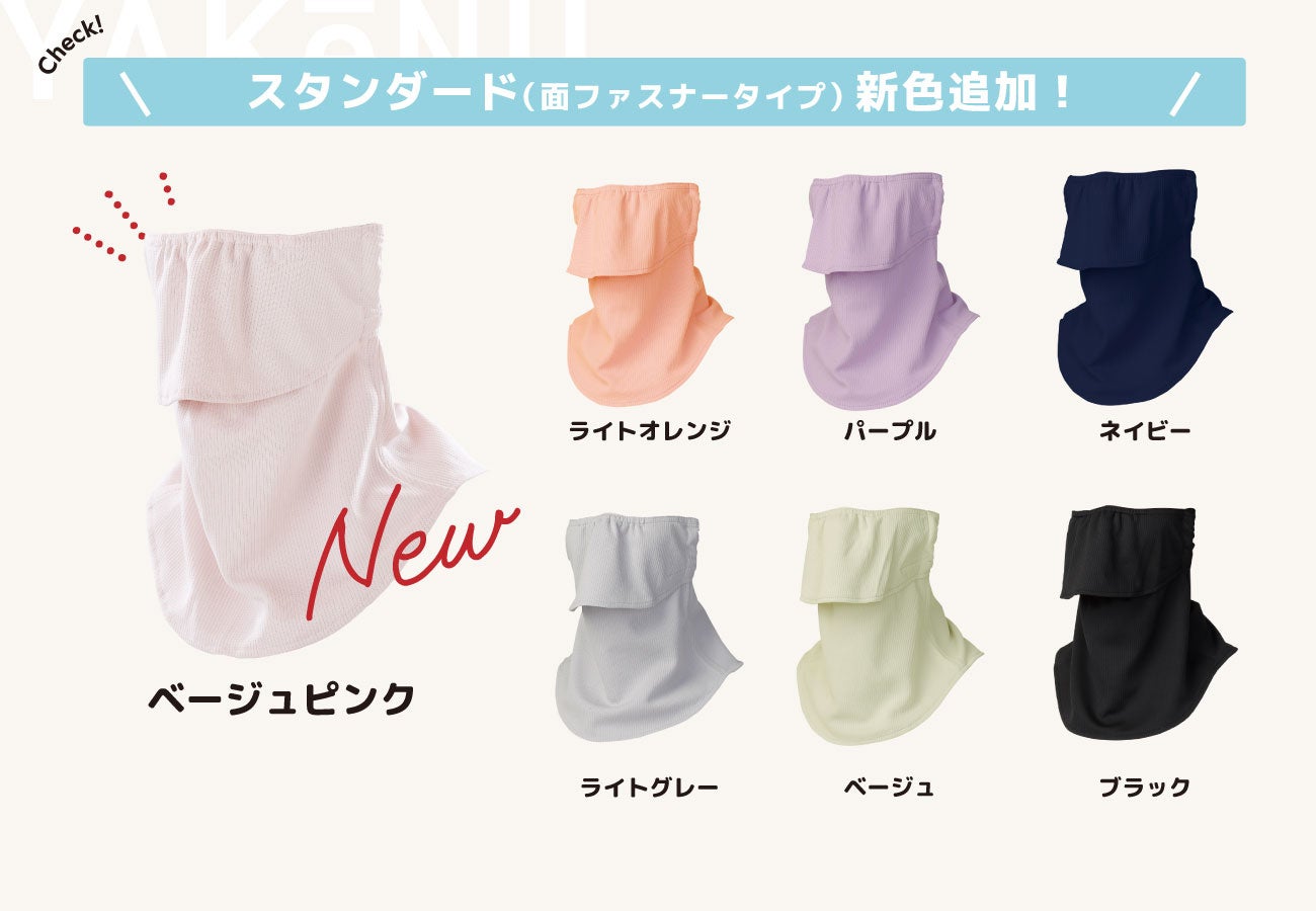紫外線・熱中症対策商品の企画製造を行う株式会社丸福繊維(本社:愛知県西尾市、代表:村瀬 智之)は2025年1月6日(月)より、累計販売数290万点の実績を持つ、日焼け対策専用フェイスカバーシリーズ「ヤケーヌ」の中でも、人気NO.1を誇る「スタンダードシリーズ」それぞれに新色を追加いたしました。
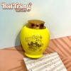Bề mặt lọ được phủ một lớp men bóng cao cấp với các tùy chọn màu sắc đa dạng như vàng tươi, xanh cổ vịt và trắng sứ tinh khôi. Lớp men này tạo nên vẻ đẹp thẩm mỹ có chiều sâu, đồng thời có khả năng chống trầy xước, bám bụi và phai màu theo thời gian, giúp sản phẩm luôn bền đẹp.
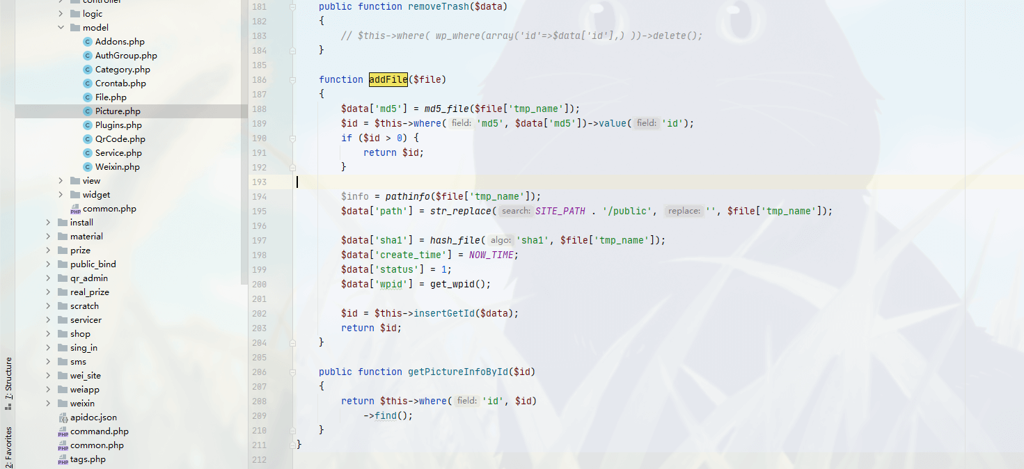 首先注意到函数的标识为public,也就是这个函数是公共调用的,并且变量picUrl为可控变量

________________

» What needs to be done
Only the pictures are to be omitted; restate everything else above exactly.

» Solution to this exercise
紫外線・熱中症対策商品の企画製造を行う株式会社丸福繊維(本社:愛知県西尾市、代表:村瀬 智之)は2025年1月6日(月)より、累計販売数290万点の実績を持つ、日焼け対策専用フェイスカバーシリーズ「ヤケーヌ」の中でも、人気NO.1を誇る「スタンダードシリーズ」それぞれに新色を追加いたしました。
Bề mặt lọ được phủ một lớp men bóng cao cấp với các tùy chọn màu sắc đa dạng như vàng tươi, xanh cổ vịt và trắng sứ tinh khôi. Lớp men này tạo nên vẻ đẹp thẩm mỹ có chiều sâu, đồng thời có khả năng chống trầy xước, bám bụi và phai màu theo thời gian, giúp sản phẩm luôn bền đẹp.
 首先注意到函数的标识为public,也就是这个函数是公共调用的,并且变量picUrl为可控变量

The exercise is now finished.